Смекни!
smekni.com

Особенности формирования производственных и ценовых планов (прогнозов) предприятий российской промышленности в 1993-2001 гг. (стр. 10 из 22)

D(Q*t, Q*t-1) = f( Ф(Dt, Q*t-1) ).

Ф(Dt, Q*t-1) - точность реализации первых из двух планов изменения производства Q*t-1 относительно фактических изменений платежеспособного спроса Dt. Использование этой модели не может быть отвергнуто при описании механизма пересмотра планов производства в течение всего периода наблюдения за входящими в модель исходными признаками (1995-2001 гг.). Вместе с тем, качество подгонки этой модели не всегда было стабильным. Провалы наблюдаемого уровня значимости ниже порог 5% были зарегистрированы в конце 1998 г. - начале 1999 г. Вероятно, резкие и неожиданные изменения динамики продаж внесли тогда некоторую сумятицу в принципы формирования производственных планов в российской промышленности. Затем ситуация нормализовалась, и точность планов производства относительно продаж продукции за деньги стала по-прежнему учитываться при корректировке очередных планов выпуска.

Рассмотрим теперь модель, в которой изменение прогнозов выпуска может зависеть от двух точностей: от точности планов производства относительно последующих фактических изменений выпуска и точности относительно последующих изменений платежеспособного спроса:

D(Q*t, Q*t-1) = f( Ф(Qt, Q*t-1), Ф(Dt, Q*t-1) ).

Такая модель имела приемлемое качество подгонки до конца 1997 г. В 1998 г. величина отношения правдоподобия чаще стала бывать слишком большой, чтобы не отвергнуть проверяемую модель для описания механизма изменения планов выпуска. В 1999 г. основания для того, чтобы не принимать эту модель стало еще больше. Но в 2000 г. и особенно в 2001 г. ситуация стала исправляться: наблюдаемый уровень значимости стал чаще превышать порог 5%. Правда, превышение это оказывалось не таким большим как в 1993-1994 гг. Коэффициенты модели были всегда положительны и статистически значимы (кроме одного исключения). Этим исключением оказался 1994 г., когда коэффициенты точности относительно реализаций выпуска были статистически незначимы. Интересным оказалось соотношение коэффициентов модели. Точность планов выпуска относительно последующих реализаций спроса в подавляющем числе случаев оказывала более сильное влияние на пересмотр планов производства. Этот вывод свидетельствует в пользу "рыночности" мышления руководителей промышленных предприятий, для которых соответствие планов выпуска и изменений спроса является более сильным аргументом для пересмотра своих планов, нежели соответствие планов выпуска и их фактических изменений.

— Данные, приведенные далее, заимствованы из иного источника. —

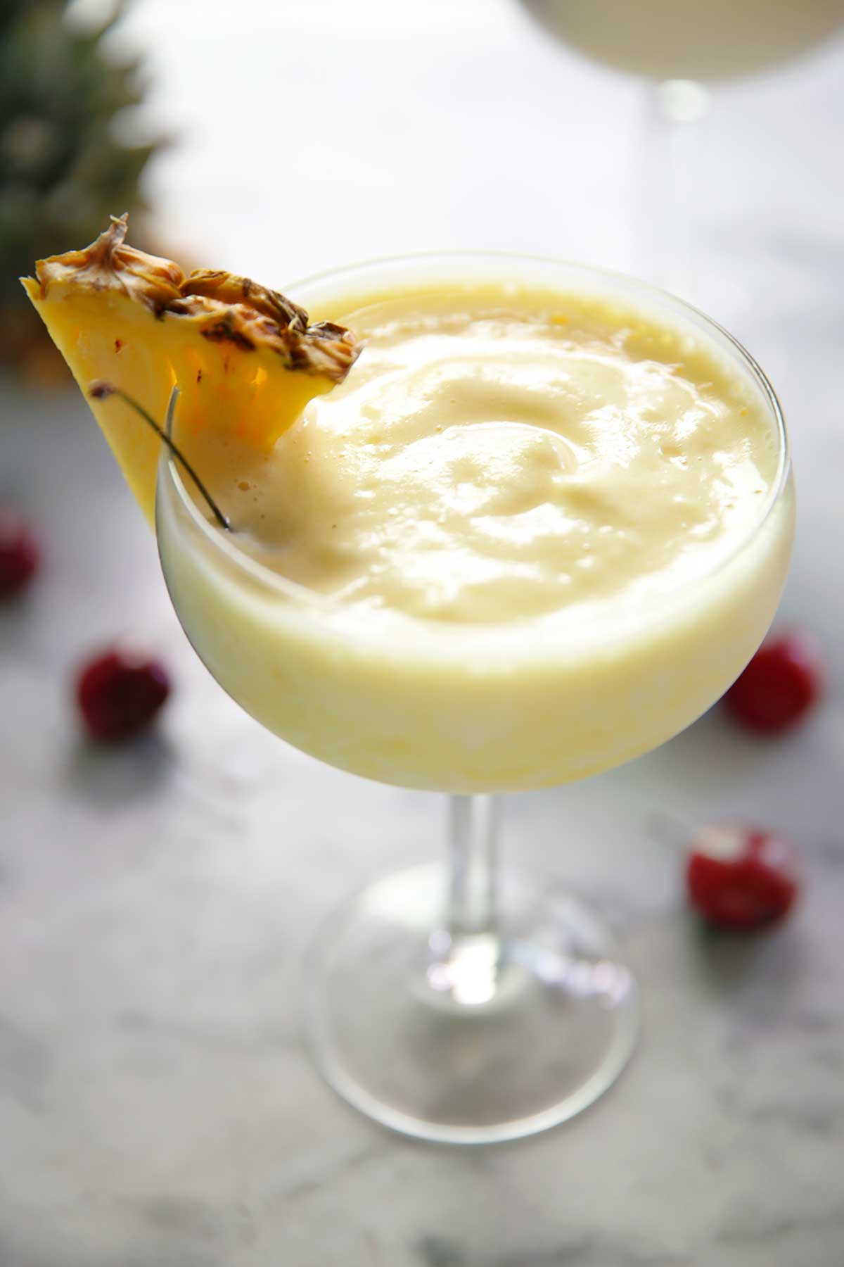 Piña Colada con cuatro ingredientes iluminados
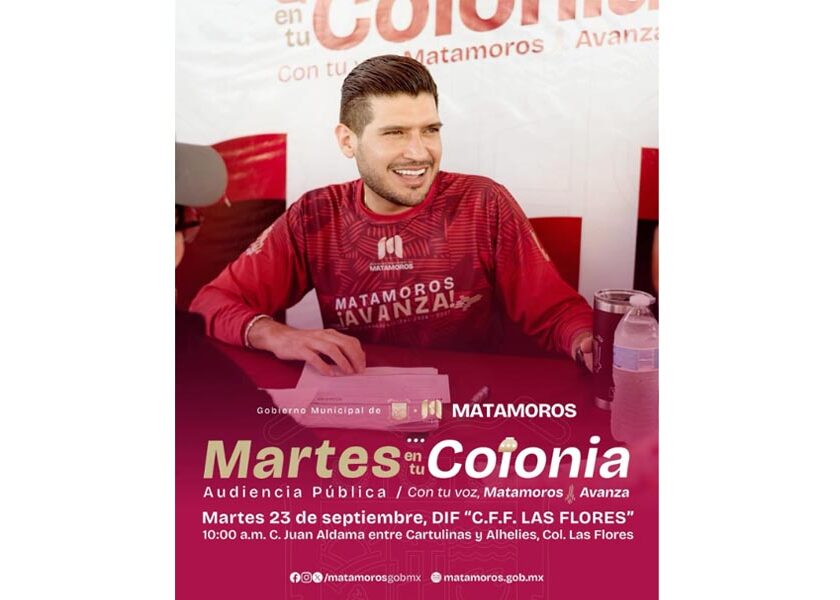 H. Matamoros, Tamaulipas.- El Gobierno de Matamoros que encabeza el alcalde Beto Granados invita a la ciudadanía a participar este martes 23 de septiembre en el encuentro comunitario que se realizará en la colonia Las Flores, con el propósito de escuchar propuestas y atender las necesidades de las familias. “Martes en tu colonia” se va a llevar a efecto en…

Влияние бартера на механизм пересмотра производственных планов предприятий можно исследовать при помощи модели, в которой в качестве независимой переменной используются точности планов выпуска относительно фактических изменений бартерного спроса:

D(Q*t, Q*t-1) = f( Ф(Bt, Q*t-1) ).

Ф(Bt, Q*t-1) - точность реализации первых из двух планов изменения производства Q*t-1 относительно фактических изменений бартерного спроса Bt. Такая модель также имела хорошее качество подгонки и всегда положительные и статистически значимые коэффициенты. Таким образом, точность планов выпуска относительно бартера также учитывалась предприятиями при пересмотре своих планов. Добавление в эту модель еще и традиционной точности относительно самого выпуска дало интересные результаты. Во-первых, стабильным и высоким качество подгонки этой модели было с июля по октябрь 1998 г., когда бартер еще был важен для российской промышленности, а доля нормальных продаж еще не стал существенной. Во-вторых, затем до конца 2000 г. отклонение модели от эмпирических значений становится неприемлемо большим, и только в конце этого года (когда опросы зарегистрировали первый в последефолтный период абсолютный спад продаж за деньги) рассматриваемая модель опять не может быть отвергнута. В 2001 г. наша модель начинает "работать" в мае и в конце года, когда в российской промышленности опять возникают проблемы с платежеспособным спросом. Все коэффициенты модели были всегда положительны и всегда статистически значимы. При этом значение коэффициентов точности по бартеру было чаще выше, чем значение коэффициентов точности по выпуску. Конечно, бартер сложно назвать "хорошим" фактором для определения производственных планов, но все же этот ориентир лучше фактической динамики выпуска.

Аналогичная ситуация сложилась и при использовании в качестве независимой переменной точности планов выпуска относительно прочих неденежных видов спроса (векселя, зачеты и пр.):

D(Q*t, Q*t-1) = f( Ф(Nt, Q*t-1) ).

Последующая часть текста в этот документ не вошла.